═══ Data to examine

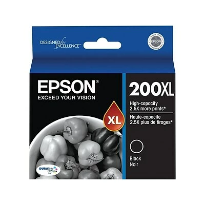 Install this high capacity black ink cartridge in compatible printers for crisp, smudge-free results on paperwork and photos. The cartridge works with select Epson printers, making it simple to replace your empty ink. This Epson 200XL high capacity ink cartridge delivers an ideal solution for high-volume printing needs.
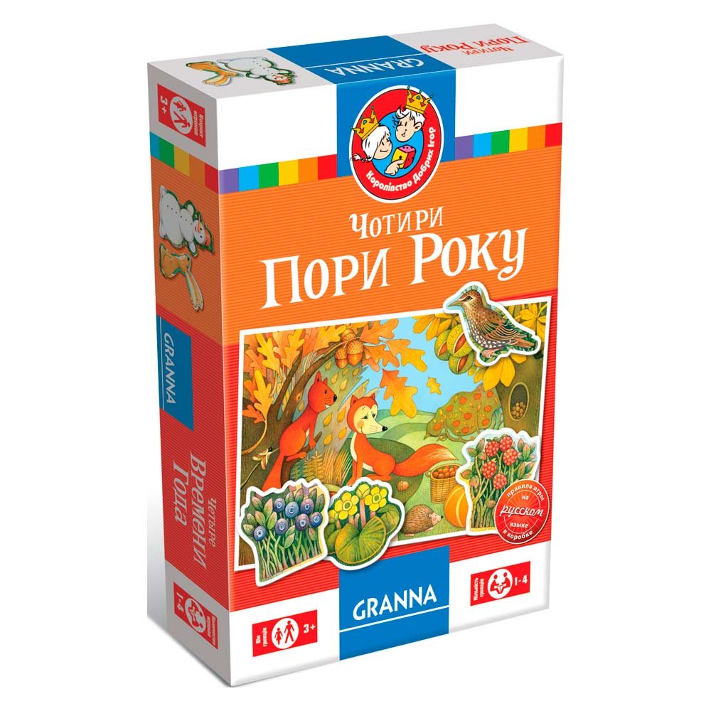 Чотири пори року - пізнавальна гра, в якій діти можуть отримати і закріпити знання про пори року. 4 дошки із зображенням весни, зими, літа і осені допоможуть гравцям вигадувати по сюжету картинки невеликі розповіді, загадувати загадки, знаходити відповіді на питання і навіть розповідати про прикмети. Маленькі символи кожної пори (зайчик, сніговичок, квітуча ягода) допоможуть гравцям правильно відгадувати загадки і знаходити ознаки кожної пори року.
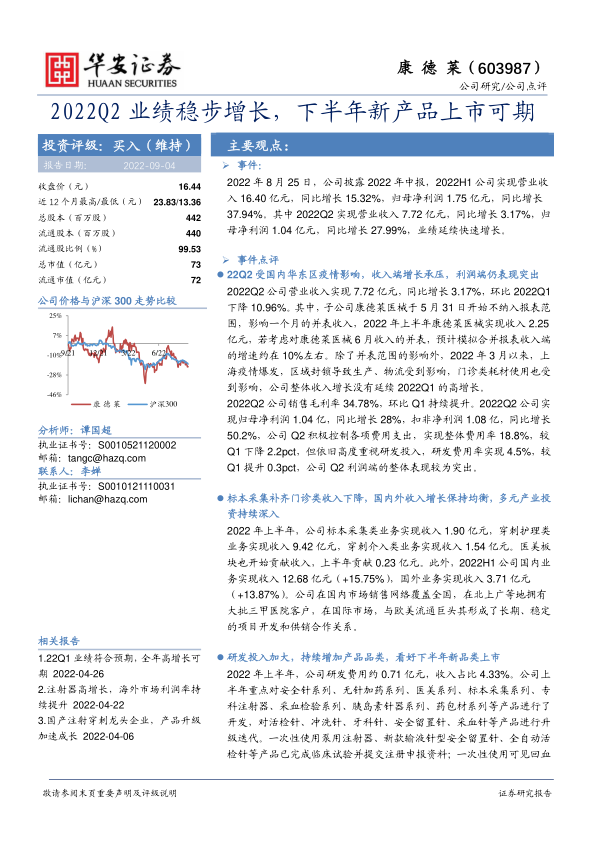 2022Q2业绩稳步增长,下半年新产品上市可期
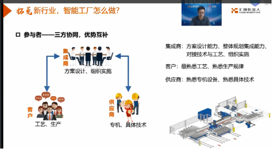 智能工廠由三方協同落地,集成商充分發(fā)揮方案設計能力、整體規(guī)劃能力方面的優(yōu)勢;客戶最熟悉工藝及生產規(guī)律,但客戶并不擅長工業(yè)機器人系統的理解并不深入;供應商熟悉專機設計和具體技術,但供應商會更傾向做標準化產品。如何協調這三方更好的合作實施,智能到底該怎么做?林博士做出了精辟的講解,詳情觀看精彩講座回放。
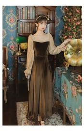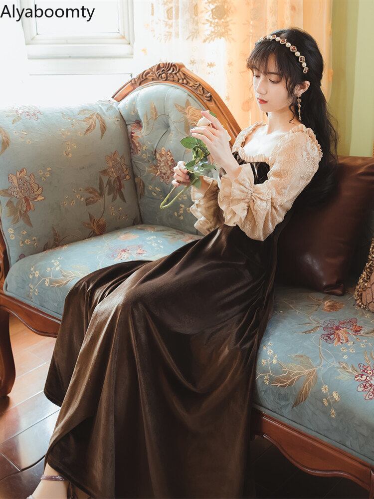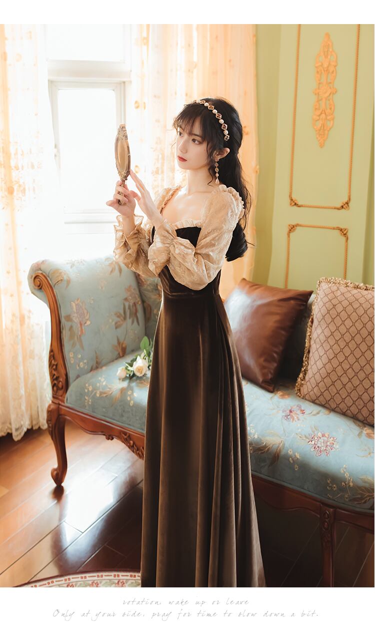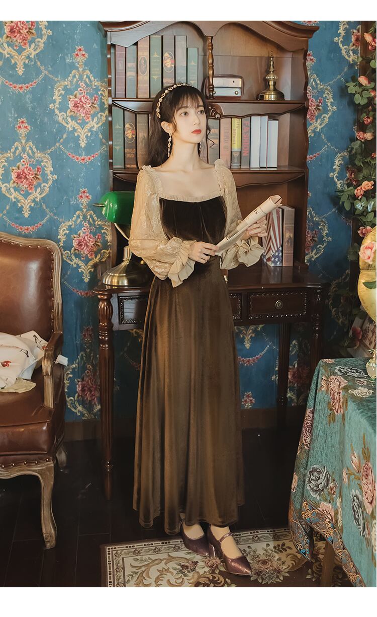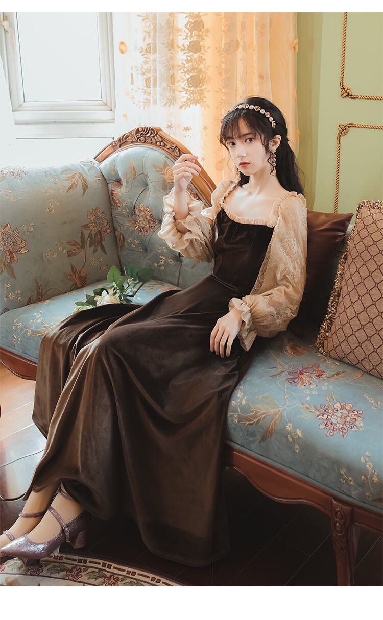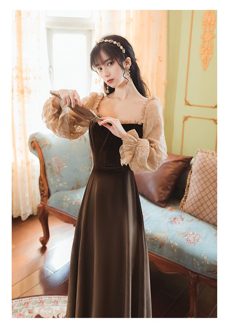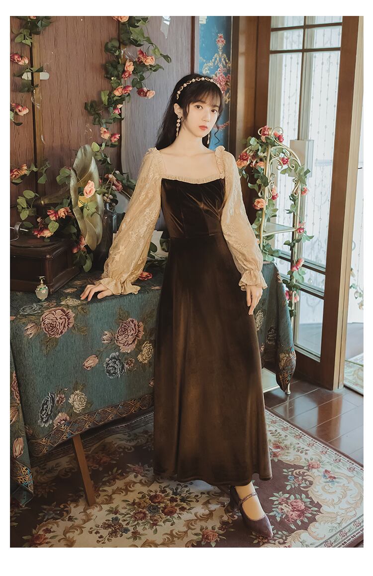 送料無料୨♥୧ オータムウィンターレディースロングドレス カラーブラウンベルベットヴィンテージレーススリーブドレス ワンピース 大人ガーリー スウィート キュート カジュアル 秋物 冬物 スクウェア ビンテージ AOS35617783969

══════

Problem to work on: Copy out exactly the lines between the line containing "2022Q2业绩稳步增长,下半年新产品上市可期" and the end of the entries, including both, and leave the pictures behind.

Answer section:
 2022Q2业绩稳步增长,下半年新产品上市可期
 智能工廠由三方協同落地,集成商充分發(fā)揮方案設計能力、整體規(guī)劃能力方面的優(yōu)勢;客戶最熟悉工藝及生產規(guī)律,但客戶并不擅長工業(yè)機器人系統的理解并不深入;供應商熟悉專機設計和具體技術,但供應商會更傾向做標準化產品。如何協調這三方更好的合作實施,智能到底該怎么做?林博士做出了精辟的講解,詳情觀看精彩講座回放。
 送料無料୨♥୧ オータムウィンターレディースロングドレス カラーブラウンベルベットヴィンテージレーススリーブドレス ワンピース 大人ガーリー スウィート キュート カジュアル 秋物 冬物 スクウェア ビンテージ AOS35617783969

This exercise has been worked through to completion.